Pre-MoCCA Art Festival Class: Summer Intensive Comics Workshop at SVA

Starting the day after Memorial Day, Jessica and I are offering an intensive 2-week class at SVA, the goal of which is to learn how to make comics by writing, drawing, and printing a minicomic in time for the MoCCA Art Festival the weekend of June 6-7. We'll teach in the mornings and afternoons will alternate between open studio time and visits from a group of stellar guest cartoonists: David Mazzucchelli, Becky Cloonan, Tom Hart, Gary Panter, and Kim Deitch! Each will have a three hour session that will be a combination workshop/craft talk/crit.

The roster's filling up fast so sign up sooner rather than later. Info below, registration info here.

Summer Intensive Comics Workshop

CIC-3012-A
Mon.–Fri., May 26–June 5
(begins Tuesday, May 26)
Instructional Hours: Mon.—Fri., 10:00 am–5:00 pm
Studio Hours: Mon.–Fri., 5:00 pm–10:00 pm;
Sat., May 30, 9:00 am–10:00 pm
9 sessions; 6 CEUs; $950

Comics, graphic novels, manga: it seems everyone wants to be a cartoonist these days. Yet comics is a complex medium that requires a grasp of drawing and storytelling as well as an understanding of the various tools and technology to prepare artwork for print. A great way to learn how to make comics is to jump in and make a short, printed comic in only two weeks. This intensive comics workshop is geared toward those intrepid students ready to make the plunge.
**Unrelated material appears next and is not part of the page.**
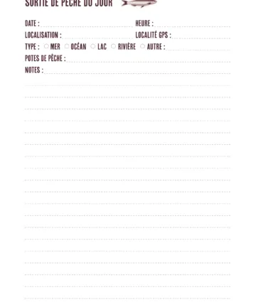 Que vous soyez débutant ou pêcheur confirmé, ce carnet vous aide à suivre vos sorties, progresser et garder une trace unique de vos aventures au bord de l’eau.
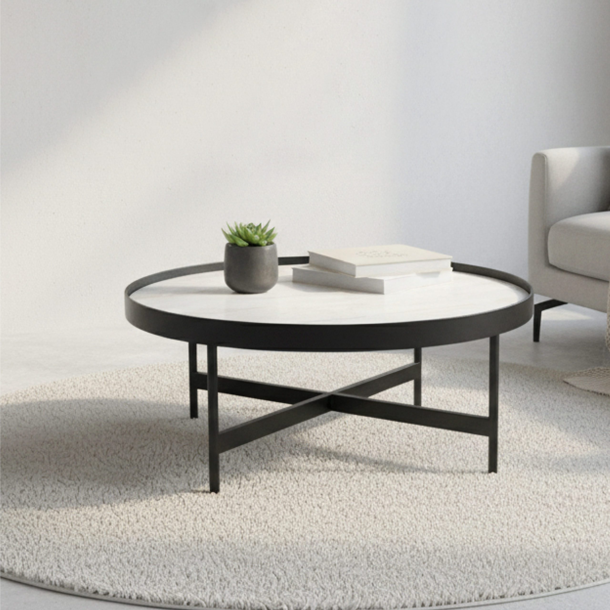 Véritable pièce maîtresse de votre décoration intérieure, la table basse Palma marie avec audace la robustesse industrielle et le raffinement minéral. Son design circulaire, à la fois doux et structuré, apporte une harmonie immédiate à votre espace de vie, qu’il soit d’inspiration moderne, minimaliste ou contemporaine.

In daily sessions, we will guide students through the process of making a comic, by presenting activities and short assignments on the basics of cartooning and storytelling as well as advanced topics like inking and reproduction. In addition, several afternoons will feature lectures and critiques with visiting professional cartoonists. The workshop will also include participation in the annual art festival of the Museum of Comic and Cartoon Art (MoCCA) held June 6–7; students will have the opportunity to sell and trade their comics at the premier gathering of independent comic artists and small publishers, literally the day after their comics are finished.


PS If you're looking for other options there are a number of other great classes at SVA this summer, among them two taught by Tom Hart which he talks about here.